There is a growing divide between home prices and employee compensation.  The green slope below shows the rapid growth in housing prices and the purple slope shows the slow growth in employee compensation.  The result is that middle and lower classes are being shut out of the housing market.  



The Fed’s trillions are also fueling surges in basic commodity prices.  Over the last weeks the following price increases were reported:


Lumber: +347%
WTI Crude: +148%
Gasoline: +139%
Corn: +124%
Heating Oil: +123%
Brent Crude +121%
Copper: +94%
Soybeans: +84%
Silver: +76%
Palladium: +70%
Cotton: +63%
Sugar: +63%
Platinum: +57%
Wheat: +43%
Natural Gas: +38

Buffett complains that, “We’ve got nine home builders in addition to our manufactured housing and operation, which is the largest in the country. So we really do a lot of housing. The costs are just up, up, up. Steel costs, you know, just every day they’re going up.” Who pays these increased costs?  You the consumer do but those on the bottom of the wage scale pay disproportionately far more of their incomes.

Lest we fail to remember who is responsible for this growing inequality crisis, Stanley Druckenmiller, former chairman and president of hedge fund Duquesne Capital, pins the tail on the donkey:

“I don’t think there has been a greater engine of inequality than the Federal Reserve Bank of the United States…so hearing the Chairman [Powell] talking about visiting homeless shelters is very rich indeed…”

“Everyone wealthy that I know is making fortunes” because “this guy [Powell] is printing money like there’s no tomorrow” adding that the kids in Harlem are not benefitting from money-printing but...for the life of me I can’t understand why the left is so excited about money-printing when all the data shows that the people who benefit from money-printing are rich people.”

“The odds-on bet is we’re going to have inflation, and inflation is going to hurt poor people, again, a lot more than rich people.”

This chart shows that over the last forty years, while the top 10% in the US got richer, the working men and women have seen no real wage growth whatsoever. This has exacerbated the split between “haves” and “have-not,” with the latter group growing ever more dissatisfied with their lot in life.


History teaches us that this does not lead to happy times.  Should the ever-shrinking middle class ever figure out who is to blame for their suffering, it will be Powell’s head on a pike in front of the Eccles Building.

Other brewing crises

While the Fed and Congress print and spend money with abandon, they ignore other pressing issues that will rear their ugly heads in the near future.  We are talking about entitlements that have been promised but not adequately funded, such as social security, social security disability, hospital insurance and the highway trust fund.   They are all in dire straits with no sign of receiving attention from Congress or the White House.  At some point we will have an awakening only to discover that the cost to address them is high.

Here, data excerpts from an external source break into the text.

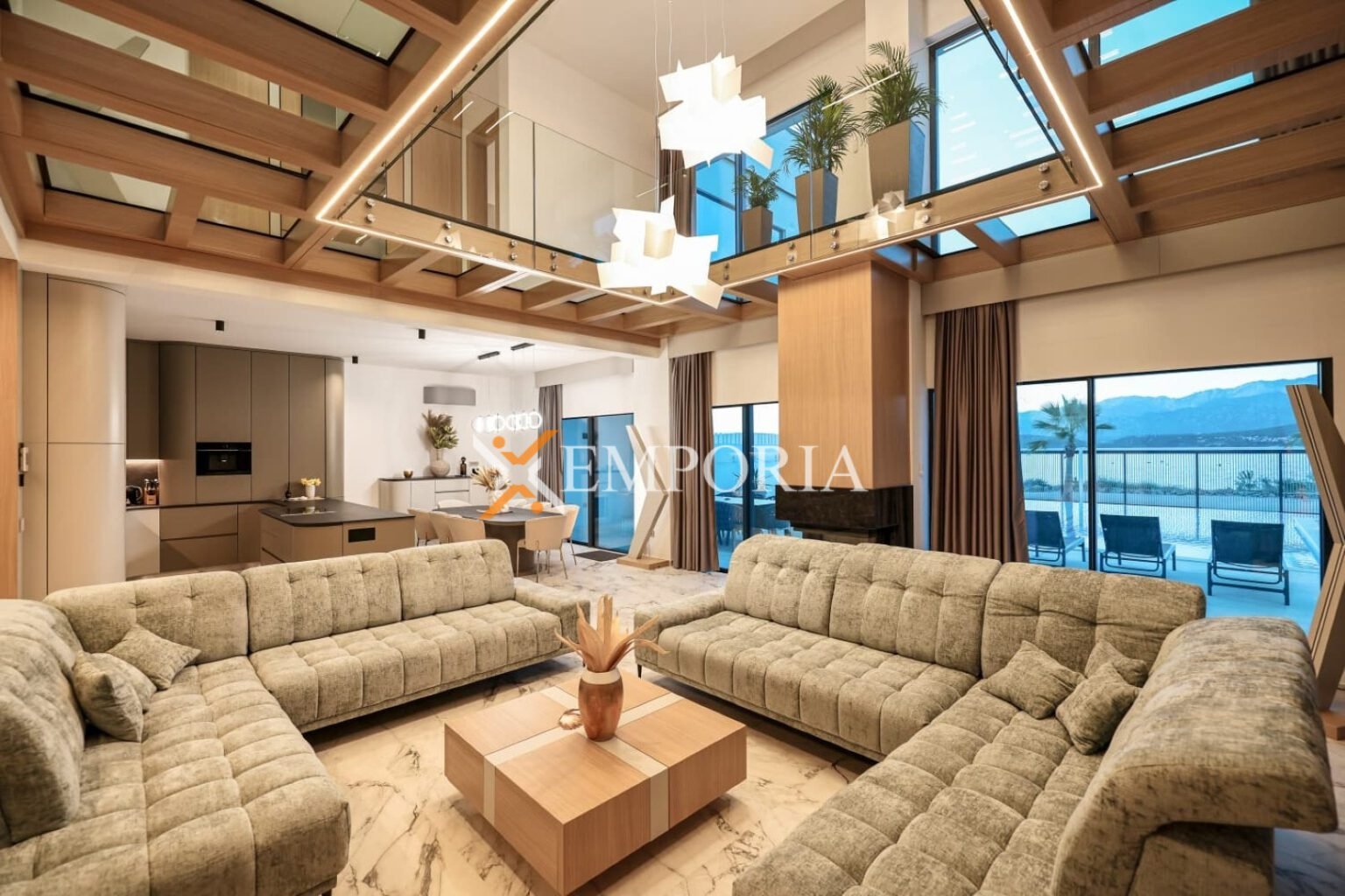 Na katu se nalaze galerija te četiri spavaće sobe, svaka sa svojom kupaonicom, kao i dvije terase i dvije natkrivene terase koje pružaju prekrasan panoramski pogled na more.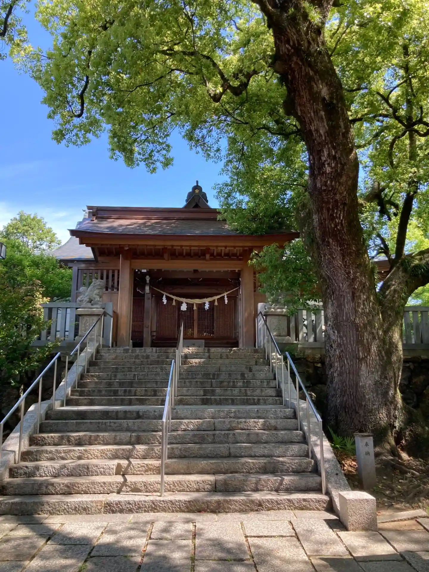 静かでよい神社です。境内にとても大きな木があります。階段登って本殿行くと牛さんがいます。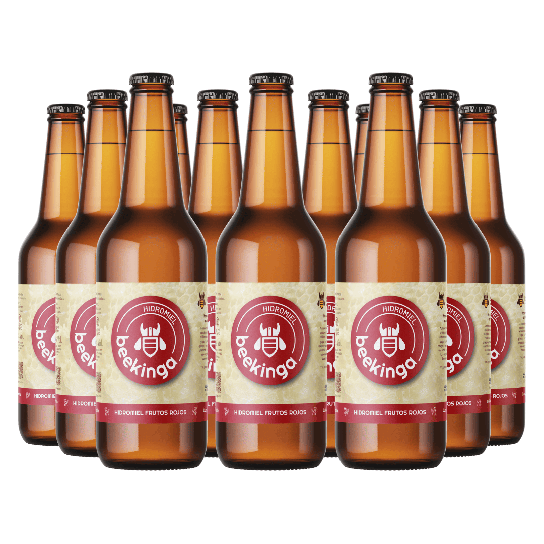 Compra doce botellines de Hidromiel Beekinga Frutos Rojos de 0.33L, nuestro hidromiel realizado con agua, miel y frutos rojos. El grado de alcohol es de un 5% aproximadamente. Un hidromiel perfecto para tomar como aperitivo o como acompañamiento de platos y postres.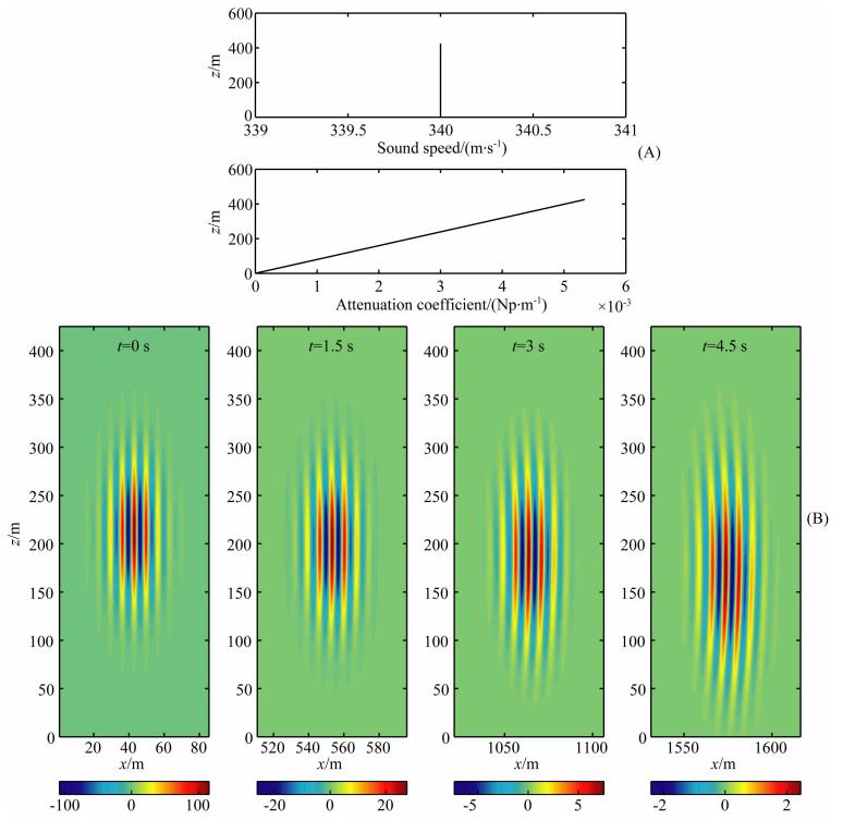 与图 2B类似,从图 3B的纵轴和横轴的信息中,可以确定地看出波动在水平上产生的位移和由 几何扩散带来的波包波形的延展.由于介质变为有耗散介质,声波不仅要受到几何扩散带来的能量衰减,同时受介质耗散的衰减作用.图 3B与图 2B相比,在对应的1.5 s、3 s和4.5 s,图 3B中声波波包的声压明显弱于图 2B中的声压.但是,与图 2B相比,图 3B中的波包声压幅度较大的部位呈现出随着声波传播时间的推移逐步下降的趋势,同时图 3B中波包出现了与图 2B不同的形态.在0 s时刻,声 波波包的声场图显示声压的对称中心在200~250 m 之间,当波包传播了4.5 s之后,声波波包的声压中心在150~200 m之间,产生了明显的下移.这是由于背景介质的衰减系数随高度增加,声波波包上部的背景衰减系数较大,而波包下部的背景衰减系数较小,在波包的传播过程中,波包上部所衰减的能量比下部所衰减的能量大,声波波包下部的声压幅度渐渐强于上部的声压,所以总体而言,声波波包的能量的中心产生了下移. 4.1.3 均一耗散系数的情况

Currently, we are burdened with annual federal, state, and local spending totaling $10.064 trillion.  US nominal GDP is $22.049 trillion.  Thus, government spending is consuming 45.7% of US GDP and President Biden and Congress are proposing trillions more in spending.  No problem, we are told.  We will just have the Fed print whatever money is needed and repress interest rates to make our massive debt load bearable.  As explained by Lacy Hunt above, the result of this ongoing folly is that real GDP has been on a steady downward trajectory for decades. This chart of “Real GDP” (net of inflation) shows that our rising debt loads have inexorably led to falling growth levels.



David Stockman addresses the Fed’s repression of real interest rates:

  

The chart shows the real Fed funds rate, calculated by subtracting the YoY trimmed mean CPI increase from the Fed’s target rate. During the last 169 months (since March 2008) the rate has been deeply negative most of the time…. And now, after last year’s money-printing orgy—the real Fed funds rate stands at -2.37%, nearly the deepest level ever.

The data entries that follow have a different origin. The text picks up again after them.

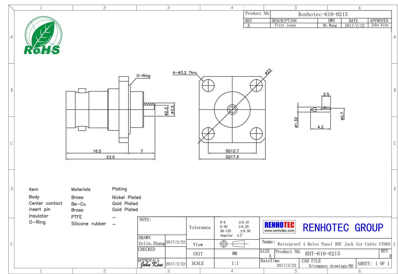 The post 4孔方形法蘭直式母頭鍍鋅防水BNC同軸線纜連接器 appeared first on BNC接頭網(wǎng).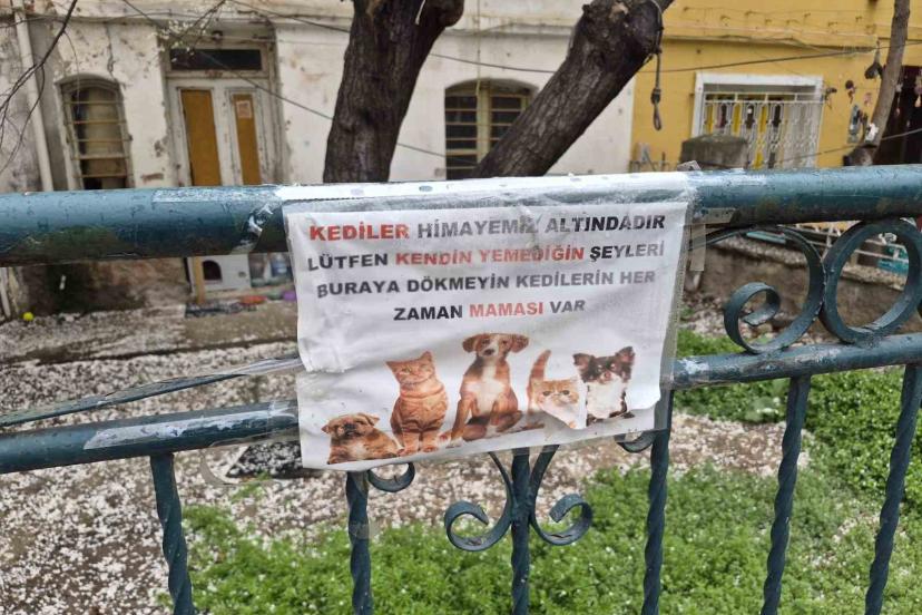 Eskişehir’de hayvanseverler tarafından sokak hayvanlarının beslendiği bir evin bahçe korkuluğuna asılan, "Kediler himayemiz altındadır. Lütfen kendi yemediğiniz şeyleri buraya dökmeyin" yazılı kağıt dikkat çekti.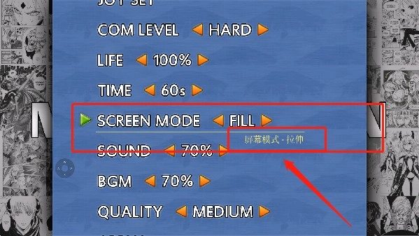 1、进入游戏设置,找到屏幕模式,将其设置为“拉伸”即可达成全屏的显示效果。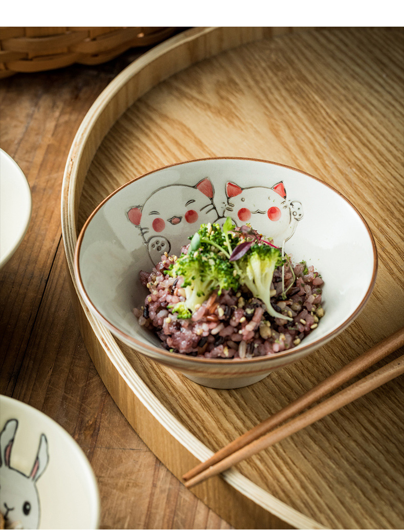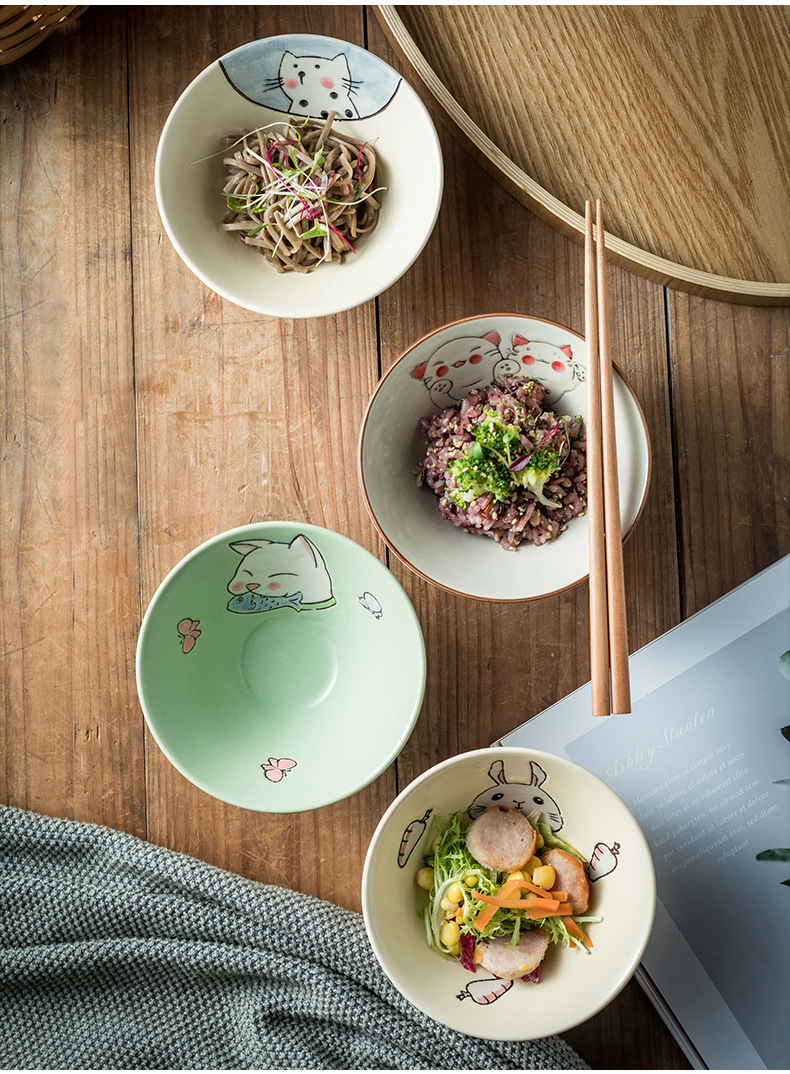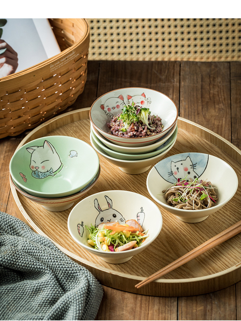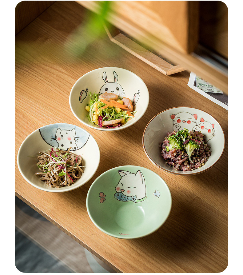 일본식 그릇 가정용 밥 그릇 작은 수프 그릇 죽 그릇 샐러드 그릇 창조적 인 세라믹 그릇 뿔 그릇 식기 도매스토어 가기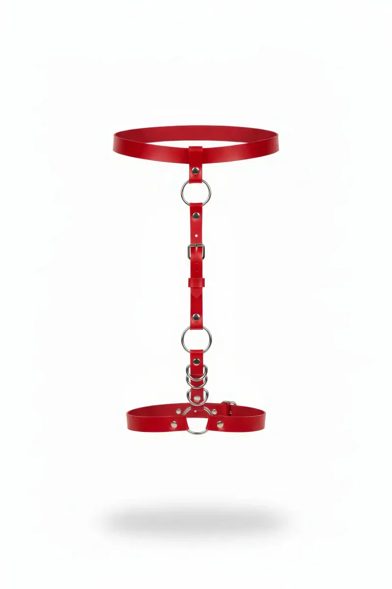 Red Garter Harness with Faux Leather Ring Detail - APFT773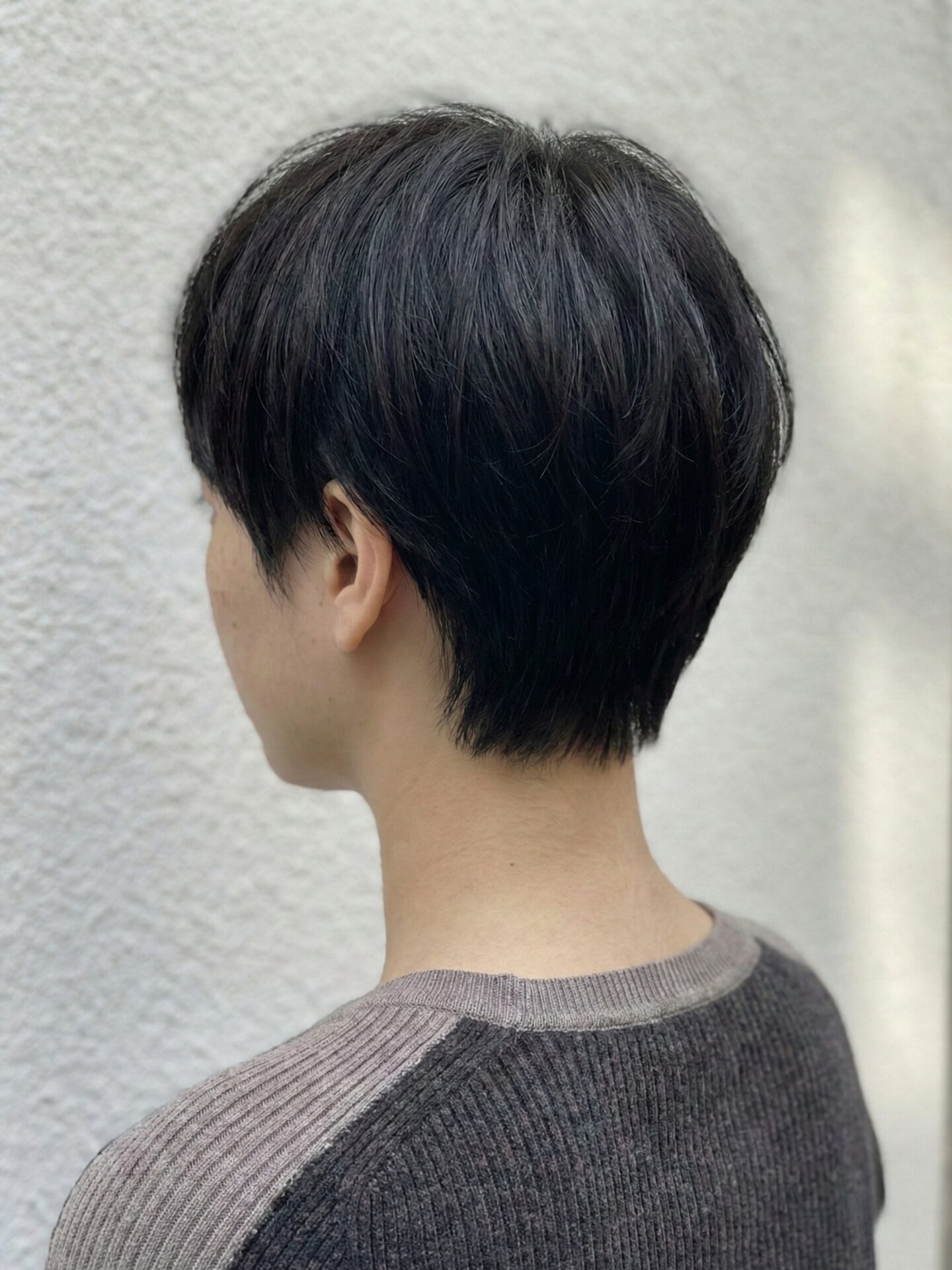 - 顔まわり: 前髪からサイドにかけてマッシュラインで繋げつつ、耳に掛けられる長さを残しました。これにより、スタイリング次第でクールにもナチュラルにも表情を変えられます。

Of course, never in a million years would participants in voluntary exchange on the free market lend money—even overnight—at a negative real rate 96% of the time over a 13 year period. It defies economic logic and sanity itself. Needless to say, these new mechanisms of socialist control, just like in the old Soviet Union, were not remotely up to the task. Among the manifold failings and ills in the latter was the fact that central planning tended to produce enormous unintended and malign effects owing to erroneous incentives and price signals. Besides useless and unfair financial windfalls to the top of the economic ladder, the Fed’s massive interest rate repression has destroyed fiscal rectitude entirely, thereby unleashing the Leviathan on the Potomac like never before.

We were reminded of that today by the fiscal year-to-day budget numbers. After 7 months, the Federal deficit has clocked in at $1.9 trillion, 28% higher than last year’s out-of-this world $1.48 trillion.

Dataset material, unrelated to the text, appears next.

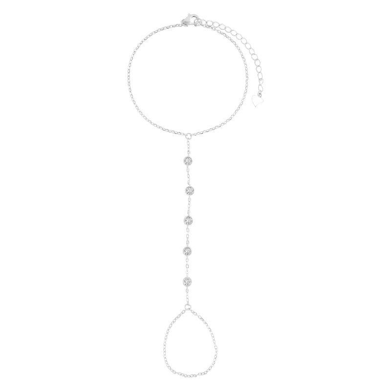 צמיד כסף ייחודי בסגנון Hand Chain , המחבר בין פרק כף היד לאצבע. לאורך השרשרת משובצים זירקונים עגולים נוצצים היוצרים מראה אלגנטי וזוהר במיוחד. תכשיט אופנתי עם נוכחות - מושלם לאירועים מיוחדים ולמראה ערב יוקרתי.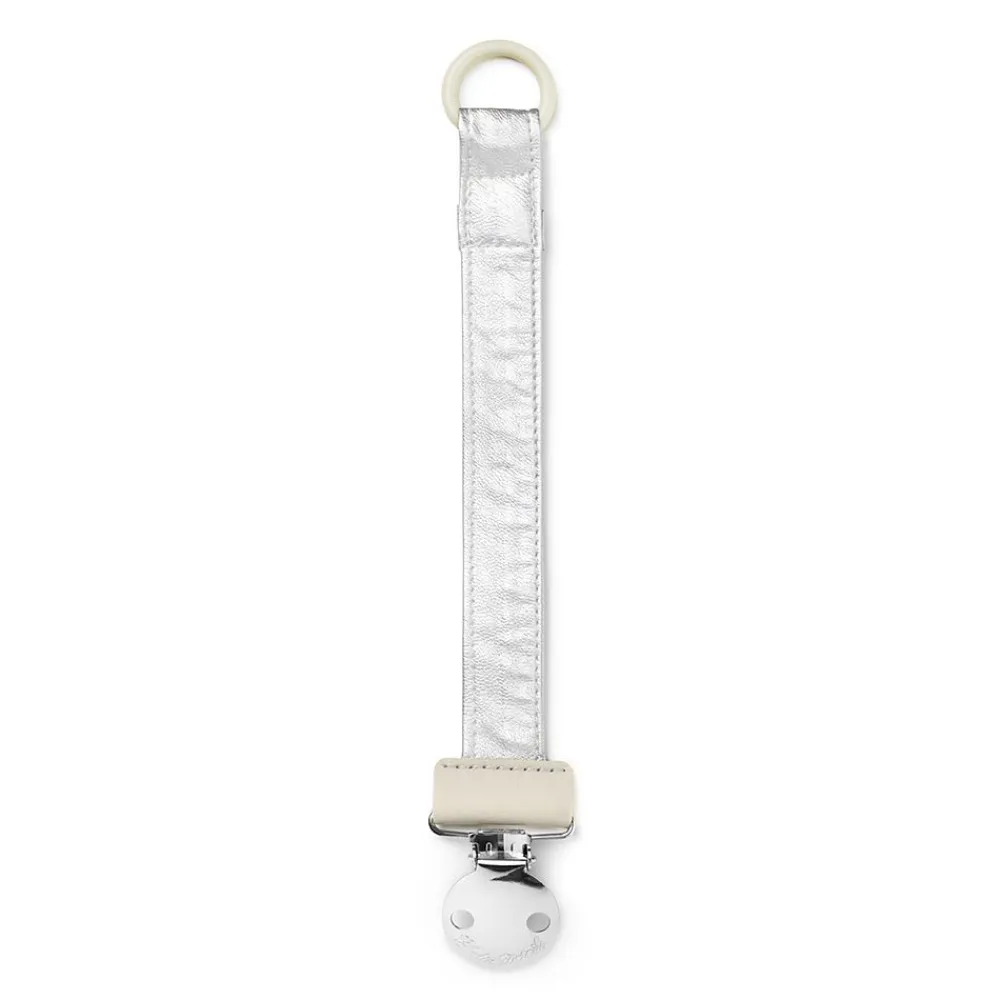Fest metallspennen til babyens klær og silikonringen på smokken, slik at du kan være sikker på at smokken ikke kommer av eller havner på bakken og blir skitten.

More specifically, outlays totaled $4.07 trillion during the period, while revenues posted at just $2.14 trillion. That is to say, the Banana Republic-worthy politicians on the Potomac borrowed fully 48% of what they spent.

We presume the next crisis will lead to massive amounts of new debt issuance that must be monetized by the Fed coupled with the likely implementation of negative nominal interest rates (even deeper than the current real negative rates).  Here is a chart of real 10 year Treasury yields.



This will threaten all segments of the economy.  Pensions, life insurance companies, investors, retirees, corporate money  managers, and banks all rely on interest income to meet their financial goals.  Negative rates have the effect of bleeding the economy dry - the more negative, the more rapid the exsanguination. Most economists now concede that the EU’s negative rates  following the 2008 crisis seriously damaged their economies.  Despite this, Chairman Powell will try to convince us that “this time is different” when he is forced to employ negative rates.  


One needs to remember that GDP growth requires either a larger work force or a more productive one and that printing money does not create any goods or services. A growing problem facing all western nations’ economies  is shrinking work-forces.


  


The only way to overcome this hurdle, short of mass immigration, is for our economies to become more productive.  Unfortunately, corporate capital expenditures for plants and equipment have not kept pace.  Borrowed money was instead spent on stock buybacks and executive compensation.  The result will be shrinking growth. 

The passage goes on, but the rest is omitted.